Jintao Xue, Quanwei Yang, Chunyan Li, Yun Jing, Shuangxi Wang, Mingxiang Zhang, Peng Li
School of Pharmacy, Xinxiang Medical University, Xinxiang, Henan Province, PR China.
Department of pharmacy, Wuhan No. 1 Hospital, Wuhan, Hubei Province, PR China.
Planta Med. 2019 Jan;85(1):72-80. doi: 10.1055/a-0655-2211. Epub 2018 Jul 13.

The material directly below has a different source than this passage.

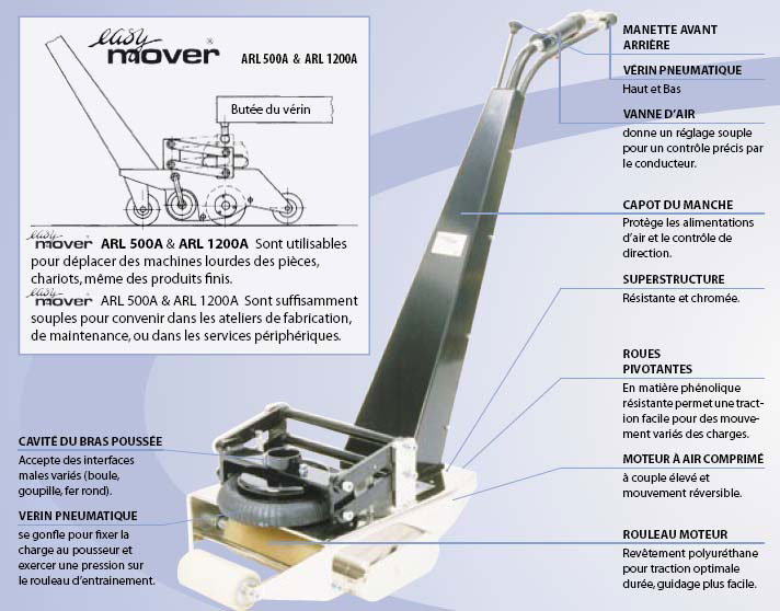 Mouvement avant et arrière - 2 roues rotatives - dispositif d"ancrage par vérin pneumatique

Motivated by the wide use of Scutellariae Radix (SR) in the food and pharmaceutical industries, a rapid and non-destructive near-infrared spectroscopy (NIRS) method was developed for the simultaneous analysis of three main active components in raw SR and SR processed by stir-frying with wine. From seven geographical areas, 58 samples were collected. The reference contents for the SR components baicalin, baicalein, and wogonin were determined by high-performance liquid chromatography. Two multivariate analysis methods, partial least-squares (PLS) regression as a linear regression method and artificial neural networks (ANN) as a nonlinear regression method, were applied to the NIR data, and their results were compared. In the PLS model, different model parameters (i.e., 11 spectral pre-treatment methods), spectral region, and latent variables were investigated to optimize the calibration model; additionally, the ANN model was applied with five different spectral pre-treatment methods and six algorithms. For the optimal model parameters, the correlation coefficients of the calibration set for baicalin, baicalein, and wogonin were 0.9979, 0.9786, and 0.9773, respectively; the correlation coefficients of the prediction set were 0.9756, 0.9843, and 0.9592, respectively; the root mean square error of validation values were 0.215, 0.321, and 0.174, respectively. The optimal NIR models were then employed to analyze the effects of processing and geographical regions on analyte contents. The established NIR methods were robust, accurate, and reproducible. NIRS may be a promising approach for the routine screening and quality control of traditional Chinese medicines.
受黄芩在食品和制药行业广泛应用的推动,开发了一种快速无损的近红外光谱(NIRS)方法,用于同时分析生黄芩及酒炙黄芩中的三种主要活性成分。从七个地理区域收集了58个样品。采用高效液相色谱法测定黄芩中黄芩苷、黄芩素和汉黄芩素的参考含量。将偏最小二乘法(PLS)回归作为线性回归方法和人工神经网络(ANN)作为非线性回归方法这两种多元分析方法应用于近红外数据,并比较它们的结果。在PLS模型中,研究了不同的模型参数(即11种光谱预处理方法)、光谱区域和潜在变量,以优化校准模型;此外,ANN模型采用了五种不同的光谱预处理方法和六种算法。对于最优模型参数,黄芩苷、黄芩素和汉黄芩素校准集的相关系数分别为0.9979、0.9786和0.9773;预测集的相关系数分别为0.9756、0.9843和0.9592;验证值的均方根误差分别为0.215、0.321和0.174。然后采用最优的近红外模型分析加工和地理区域对分析物含量的影响。所建立的近红外方法稳健、准确且可重复。近红外光谱法可能是一种用于中药常规筛选和质量控制的有前途的方法。